Harare - The ongoing economic and political uncertainty has not deterred the inflow of foreign direct investment (FDI) into South Africa, according to the latest World Investment Report released on Wednesday by the United Nations Commission for Trade and Development.
In 2016, South Africa got $2.3bn worth of FDIs, up 31% from 2015’s record low.
“South Africa, the economic powerhouse of the continent, continued to underperform, with FDI at a paltry $2.3bn, up 31% from 2015’s record low, but still well below its past average”, the report says.
Outward investment from Africa remained steady at $18bn in 2016, with higher outflows from Angola offsetting declines in FDI from Nigeria and South Africa.
FDI from SA slowed by 41% in 2016 to $3.4bn, down from a high of $5.7bn in 2015.

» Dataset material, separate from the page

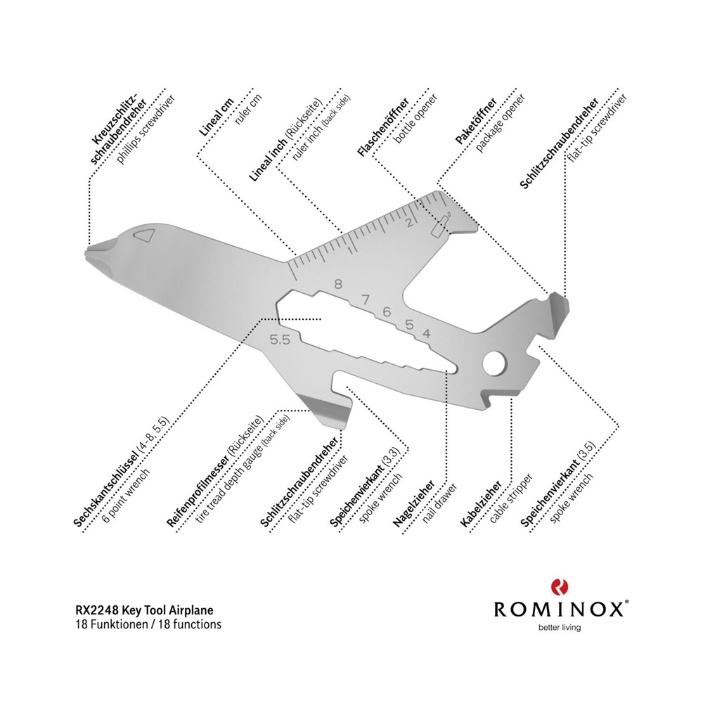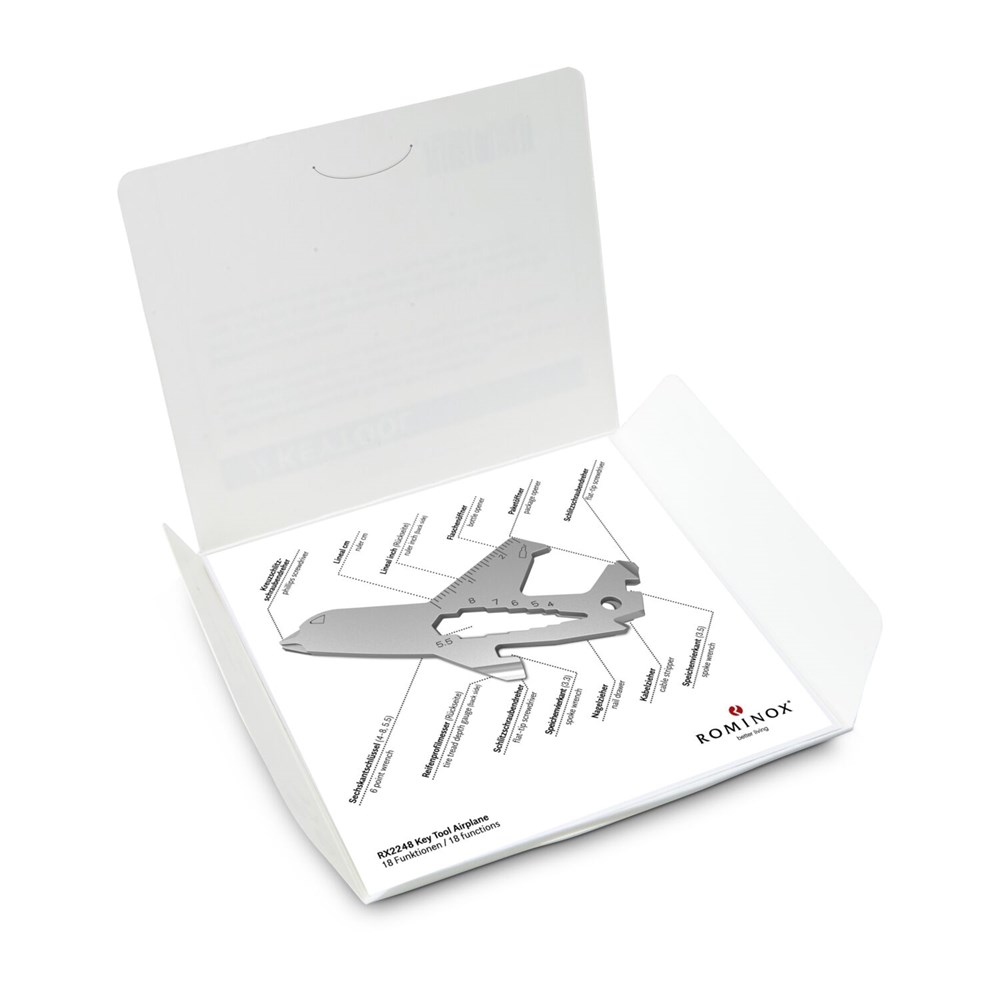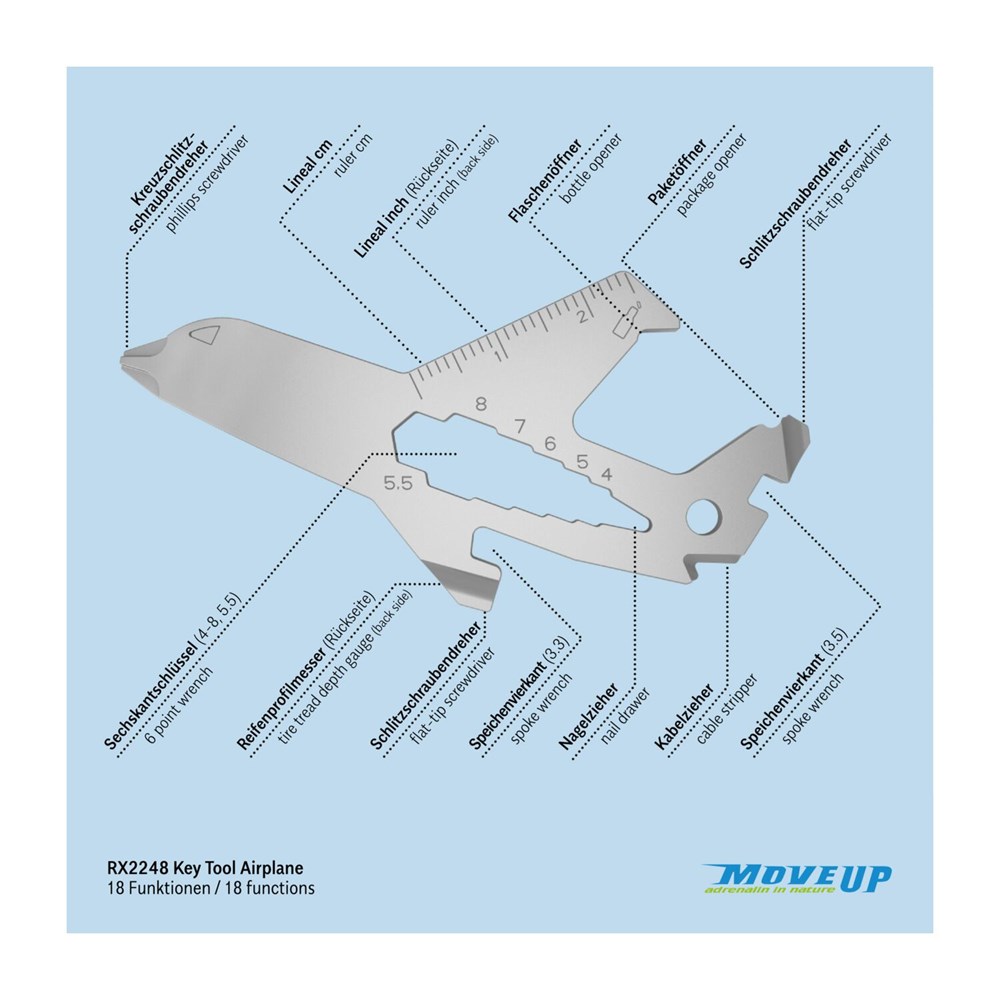 Multitool (aus robustem Edelstahl) für den Schlüsselbund inkl. Funktionsbeschreibung und Standard-Kartonverpackung, kundenindividuelle Verpackung und Funktionsbeschreibung ab 100 Stück möglich. In verschiedenen Standarddesigns verfügbar. Key Tool als Schlüsselanhänger mit 19 Funktionen: 6 Sechskantschlüssel, 2 Speichenvierkant, 2 Schlitzschraubendreher, 1 Nagelzieher, 1 Kreuzschlitzschraubendreher, 1 Kabelzieher, 1 Flaschenöffner, 1 Zentimeter Lineal, 1 Inch Lineal, 2 Reifenprofilmesser (1,6 mm und 4 mm), 1 Paketöffner - ab 3.000 Stück auch als Sonderproduktion mit individueller Key Tool Form möglich. Sprechen Sie uns an!

“The reduced investments from South Africa, the DRC, Ghana and Nigeria, in that order, were offset by the rise of outflows from Angola, the region's largest investor.”
Intra-African FDI remained prominent in 2016, driven by South African and Moroccan firms. South Africa's Sanlam purchased a 30% stake in Morocco's Saham Finances for $375m.
Overall, in Southern Africa, FDI inflows fell by 18% to $21.2bn, as flows declined in eight of the ten countries in the sub-region. In Angola, FDI flows declined by 11% to $14.4bn as reinvested earnings shrank.
Botswana also recorded a significant drop, from $679m in 2015 to $10m last year. Mozambique recorded FDI inflows of $3.09bn and Zambia $469m. Zimbabwe’s investment inflows declined in 2016 to $319m compared to $421m in the prior year.
Meanwhile, FDI flows to Africa are likely to increase moderately in 2017 on the back of modest oil price rises and a potential increase in non-oil FDI.
Global FDI is expected to rise by 5%, to almost $1.8trn in 2017, after retreating by 2% to $1.75trn last year.